====== Supplied information ======
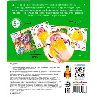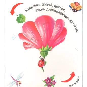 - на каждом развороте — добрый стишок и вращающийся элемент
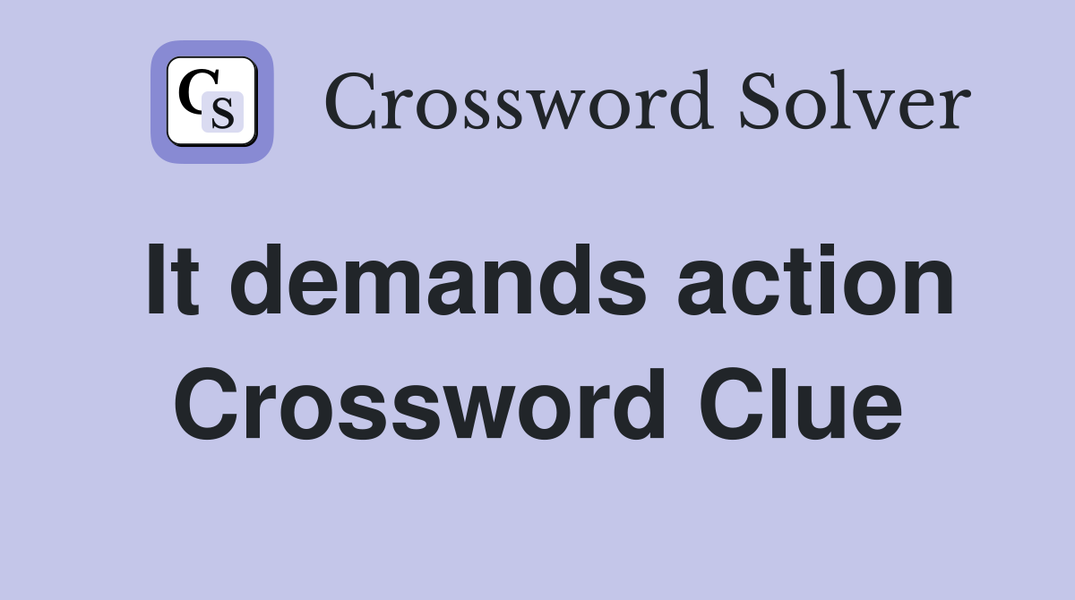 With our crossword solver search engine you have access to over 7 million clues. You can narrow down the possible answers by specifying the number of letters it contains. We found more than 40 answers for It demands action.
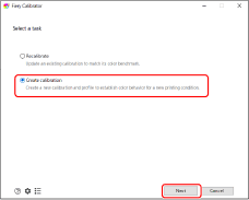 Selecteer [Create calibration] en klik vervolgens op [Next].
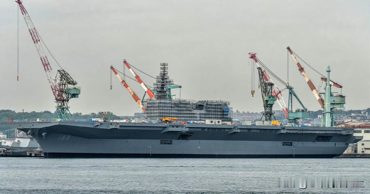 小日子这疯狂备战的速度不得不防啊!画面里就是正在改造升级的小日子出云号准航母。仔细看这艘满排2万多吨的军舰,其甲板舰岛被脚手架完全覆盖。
======
What you are asked to do » Reproduce the data verbatim. Do not carry any picture into the copy.

Solution »
 - на каждом развороте — добрый стишок и вращающийся элемент
 With our crossword solver search engine you have access to over 7 million clues. You can narrow down the possible answers by specifying the number of letters it contains. We found more than 40 answers for It demands action.
 Selecteer [Create calibration] en klik vervolgens op [Next].
 小日子这疯狂备战的速度不得不防啊!画面里就是正在改造升级的小日子出云号准航母。仔细看这艘满排2万多吨的军舰,其甲板舰岛被脚手架完全覆盖。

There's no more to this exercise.